• Recorded data
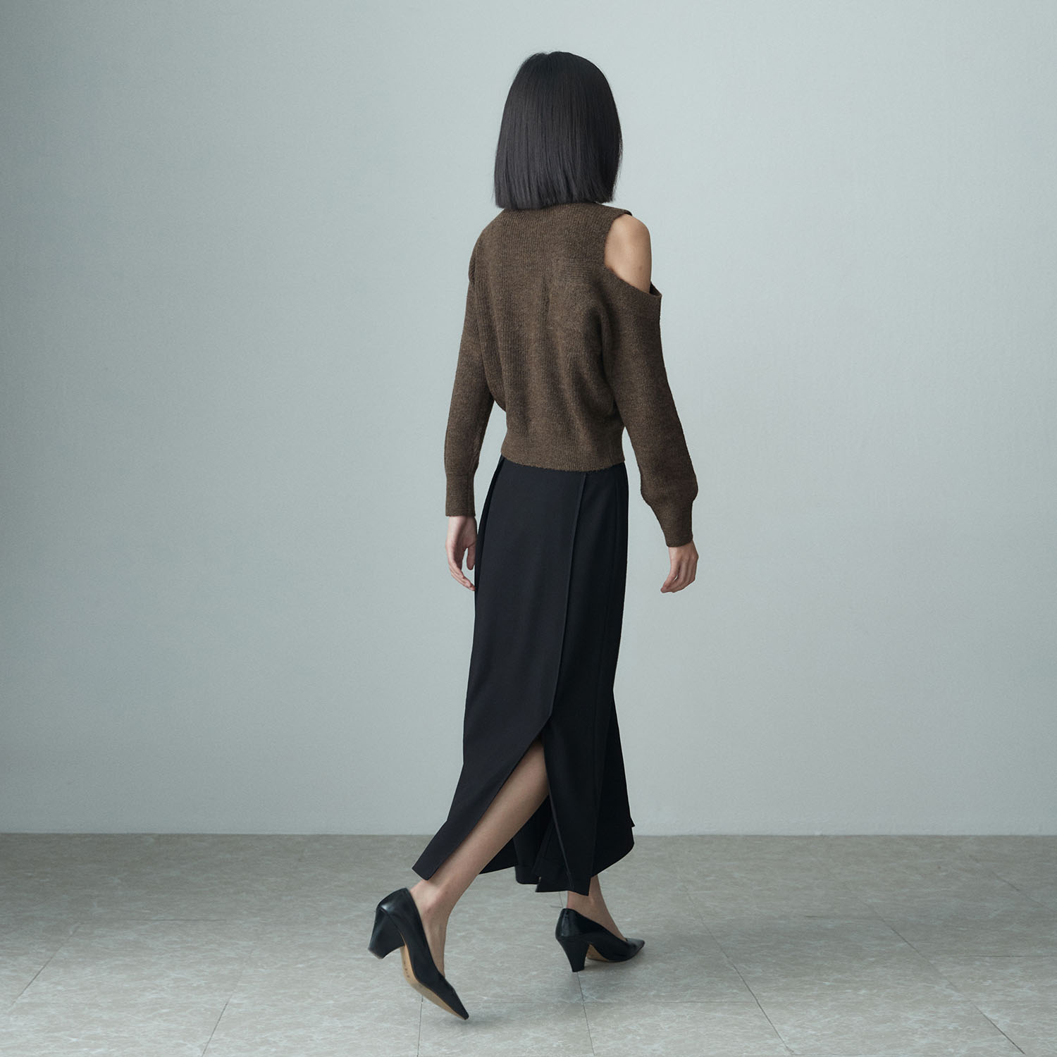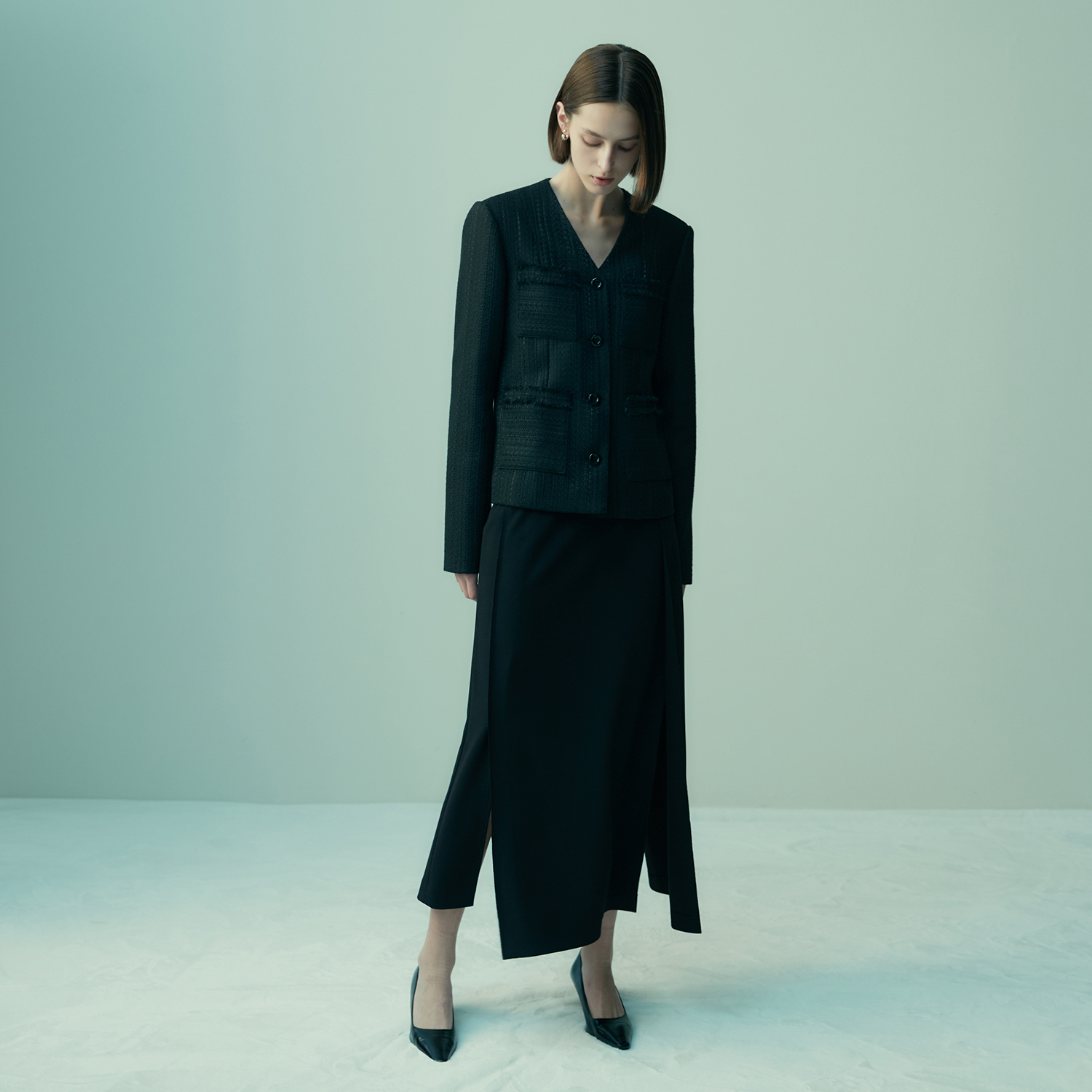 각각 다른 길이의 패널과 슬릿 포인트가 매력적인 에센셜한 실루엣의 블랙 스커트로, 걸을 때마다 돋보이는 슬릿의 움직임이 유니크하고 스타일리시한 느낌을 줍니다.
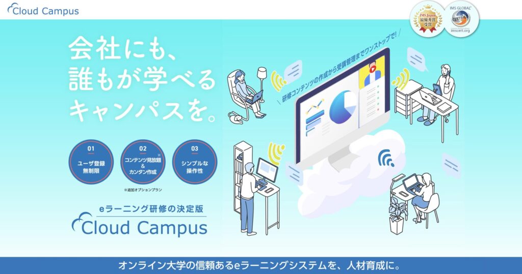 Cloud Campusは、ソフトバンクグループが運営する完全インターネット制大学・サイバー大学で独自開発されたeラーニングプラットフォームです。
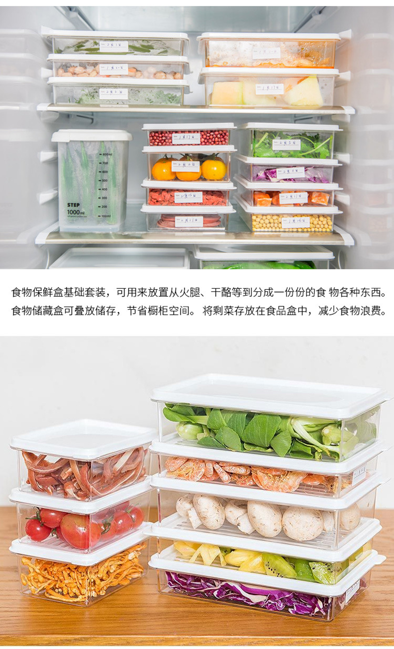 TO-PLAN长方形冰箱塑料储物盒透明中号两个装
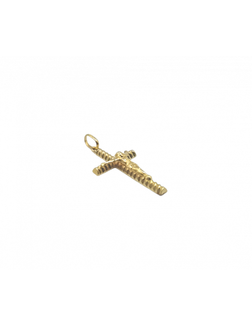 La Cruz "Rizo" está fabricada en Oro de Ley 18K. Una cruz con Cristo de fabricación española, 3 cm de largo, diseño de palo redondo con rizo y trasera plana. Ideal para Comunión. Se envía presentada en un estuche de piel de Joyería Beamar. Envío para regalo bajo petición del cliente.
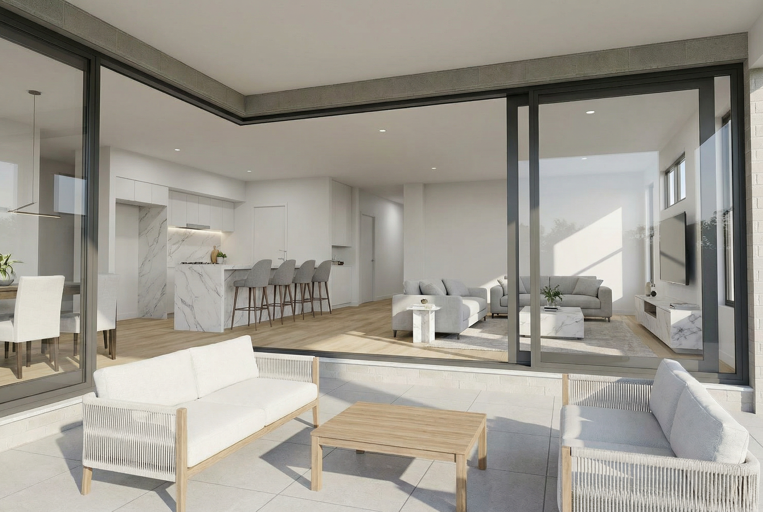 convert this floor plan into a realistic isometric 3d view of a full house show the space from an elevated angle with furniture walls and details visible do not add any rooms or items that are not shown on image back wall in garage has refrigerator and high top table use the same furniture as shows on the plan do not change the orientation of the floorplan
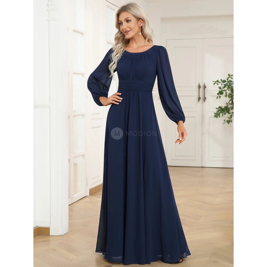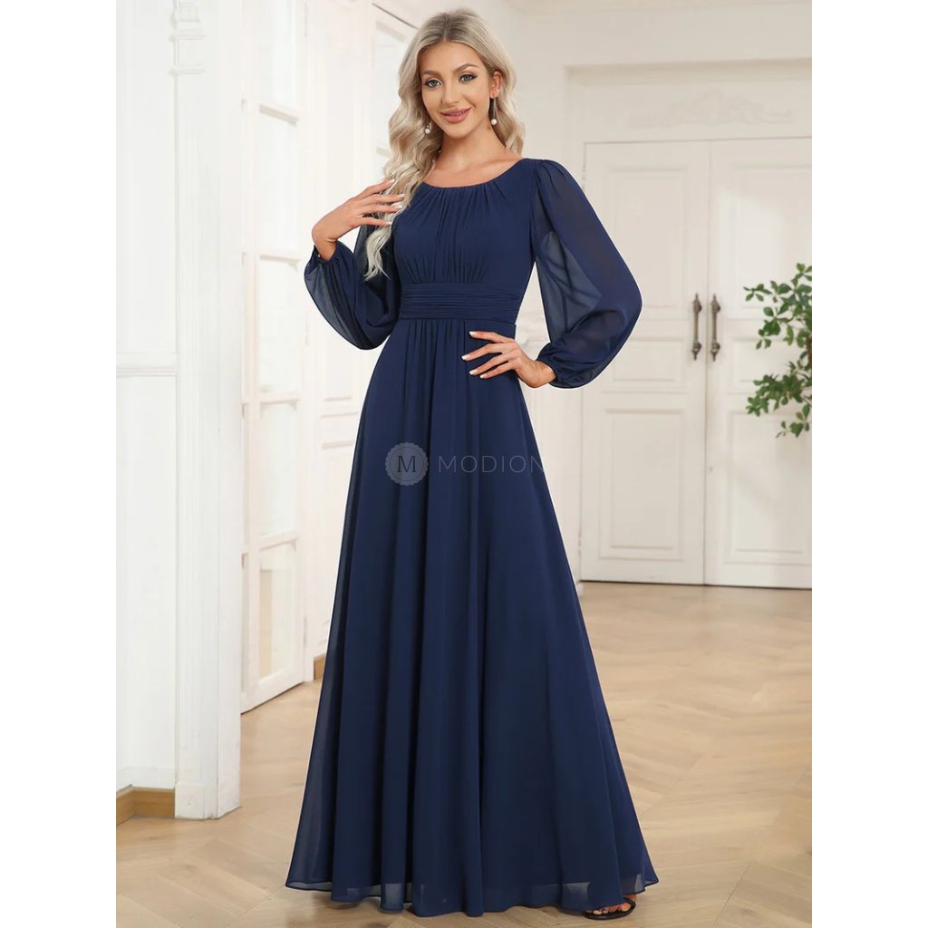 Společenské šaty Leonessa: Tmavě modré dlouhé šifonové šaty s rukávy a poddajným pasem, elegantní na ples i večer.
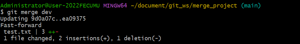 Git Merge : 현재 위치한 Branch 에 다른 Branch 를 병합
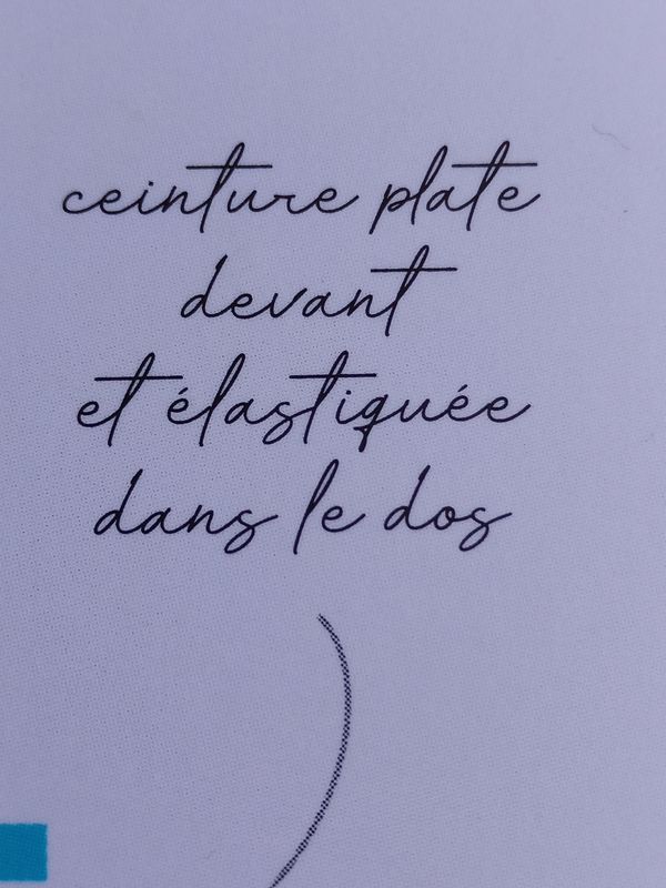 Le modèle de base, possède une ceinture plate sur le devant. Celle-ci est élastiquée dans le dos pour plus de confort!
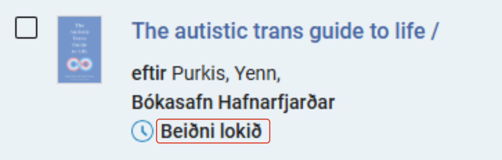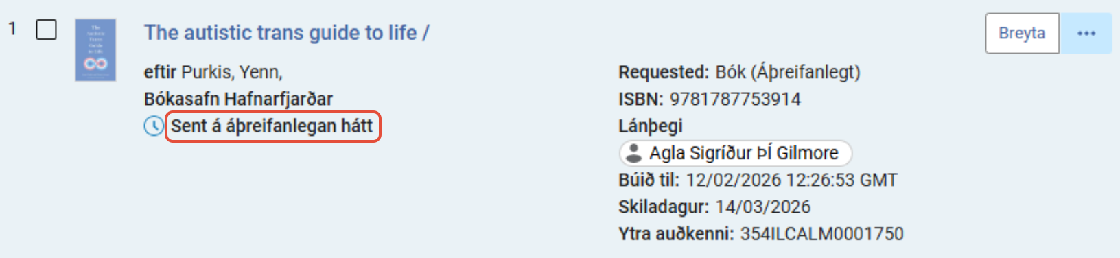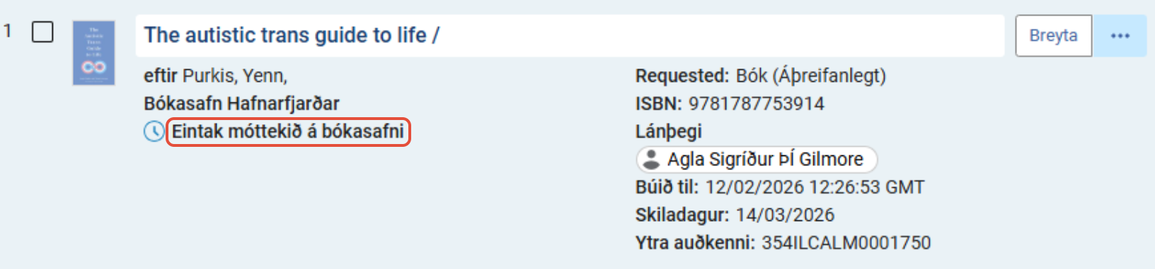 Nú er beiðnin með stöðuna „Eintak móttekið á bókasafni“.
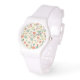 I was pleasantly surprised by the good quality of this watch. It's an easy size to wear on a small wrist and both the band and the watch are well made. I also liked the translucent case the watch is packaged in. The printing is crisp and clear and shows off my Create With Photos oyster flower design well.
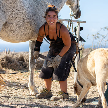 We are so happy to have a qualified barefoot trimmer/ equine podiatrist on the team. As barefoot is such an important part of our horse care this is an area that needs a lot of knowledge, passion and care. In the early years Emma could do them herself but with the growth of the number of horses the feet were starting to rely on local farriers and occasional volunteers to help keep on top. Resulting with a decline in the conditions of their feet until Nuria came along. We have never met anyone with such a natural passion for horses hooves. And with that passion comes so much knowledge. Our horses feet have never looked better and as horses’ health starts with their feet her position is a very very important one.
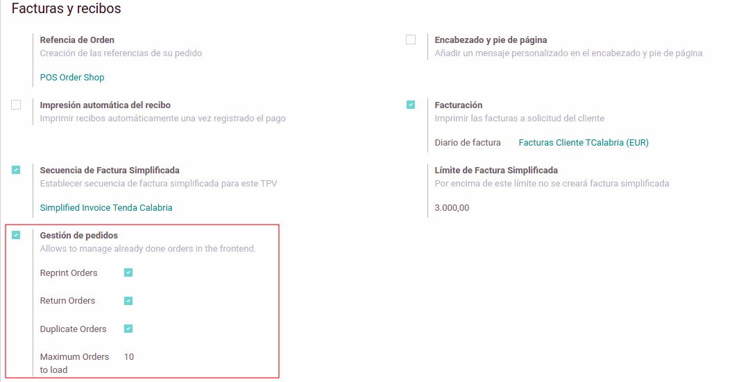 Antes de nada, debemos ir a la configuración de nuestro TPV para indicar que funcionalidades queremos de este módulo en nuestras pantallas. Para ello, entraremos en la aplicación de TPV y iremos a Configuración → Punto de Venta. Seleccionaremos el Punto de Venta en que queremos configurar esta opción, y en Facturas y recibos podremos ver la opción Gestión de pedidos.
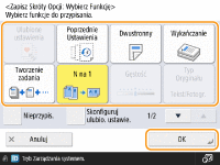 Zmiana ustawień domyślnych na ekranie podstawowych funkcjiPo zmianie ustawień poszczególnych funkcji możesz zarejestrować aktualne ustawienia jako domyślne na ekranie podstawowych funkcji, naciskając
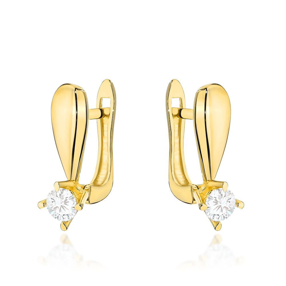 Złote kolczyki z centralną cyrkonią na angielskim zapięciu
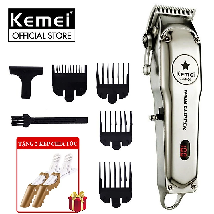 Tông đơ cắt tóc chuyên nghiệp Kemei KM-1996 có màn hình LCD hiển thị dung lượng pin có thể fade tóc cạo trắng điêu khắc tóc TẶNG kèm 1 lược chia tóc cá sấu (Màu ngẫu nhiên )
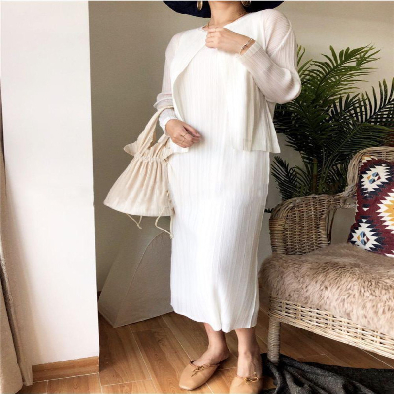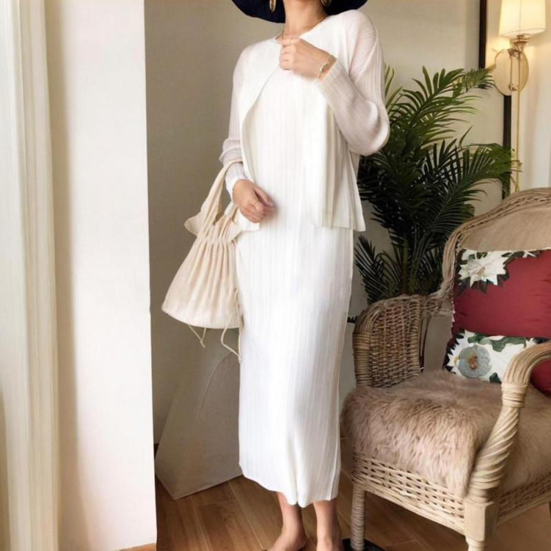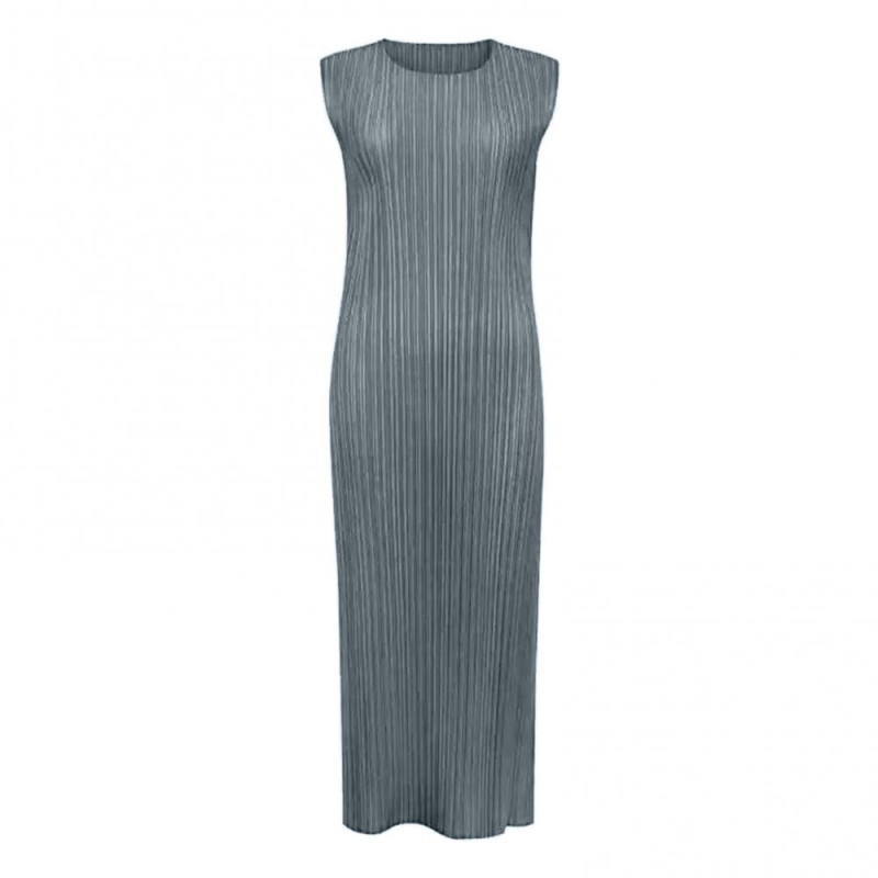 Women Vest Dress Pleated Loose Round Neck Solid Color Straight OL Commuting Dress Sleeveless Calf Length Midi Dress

• About this task
What you return should match the records line for line, minus the pictures.

• Written answer
 각각 다른 길이의 패널과 슬릿 포인트가 매력적인 에센셜한 실루엣의 블랙 스커트로, 걸을 때마다 돋보이는 슬릿의 움직임이 유니크하고 스타일리시한 느낌을 줍니다.
 Cloud Campusは、ソフトバンクグループが運営する完全インターネット制大学・サイバー大学で独自開発されたeラーニングプラットフォームです。
 TO-PLAN长方形冰箱塑料储物盒透明中号两个装
 La Cruz "Rizo" está fabricada en Oro de Ley 18K. Una cruz con Cristo de fabricación española, 3 cm de largo, diseño de palo redondo con rizo y trasera plana. Ideal para Comunión. Se envía presentada en un estuche de piel de Joyería Beamar. Envío para regalo bajo petición del cliente.
 convert this floor plan into a realistic isometric 3d view of a full house show the space from an elevated angle with furniture walls and details visible do not add any rooms or items that are not shown on image back wall in garage has refrigerator and high top table use the same furniture as shows on the plan do not change the orientation of the floorplan
 Společenské šaty Leonessa: Tmavě modré dlouhé šifonové šaty s rukávy a poddajným pasem, elegantní na ples i večer.
 Git Merge : 현재 위치한 Branch 에 다른 Branch 를 병합
 Le modèle de base, possède une ceinture plate sur le devant. Celle-ci est élastiquée dans le dos pour plus de confort!
 Nú er beiðnin með stöðuna „Eintak móttekið á bókasafni“.
 I was pleasantly surprised by the good quality of this watch. It's an easy size to wear on a small wrist and both the band and the watch are well made. I also liked the translucent case the watch is packaged in. The printing is crisp and clear and shows off my Create With Photos oyster flower design well.
 We are so happy to have a qualified barefoot trimmer/ equine podiatrist on the team. As barefoot is such an important part of our horse care this is an area that needs a lot of knowledge, passion and care. In the early years Emma could do them herself but with the growth of the number of horses the feet were starting to rely on local farriers and occasional volunteers to help keep on top. Resulting with a decline in the conditions of their feet until Nuria came along. We have never met anyone with such a natural passion for horses hooves. And with that passion comes so much knowledge. Our horses feet have never looked better and as horses’ health starts with their feet her position is a very very important one.
 Antes de nada, debemos ir a la configuración de nuestro TPV para indicar que funcionalidades queremos de este módulo en nuestras pantallas. Para ello, entraremos en la aplicación de TPV y iremos a Configuración → Punto de Venta. Seleccionaremos el Punto de Venta en que queremos configurar esta opción, y en Facturas y recibos podremos ver la opción Gestión de pedidos.
 Zmiana ustawień domyślnych na ekranie podstawowych funkcjiPo zmianie ustawień poszczególnych funkcji możesz zarejestrować aktualne ustawienia jako domyślne na ekranie podstawowych funkcji, naciskając
 Złote kolczyki z centralną cyrkonią na angielskim zapięciu
 Tông đơ cắt tóc chuyên nghiệp Kemei KM-1996 có màn hình LCD hiển thị dung lượng pin có thể fade tóc cạo trắng điêu khắc tóc TẶNG kèm 1 lược chia tóc cá sấu (Màu ngẫu nhiên )
 Women Vest Dress Pleated Loose Round Neck Solid Color Straight OL Commuting Dress Sleeveless Calf Length Midi Dress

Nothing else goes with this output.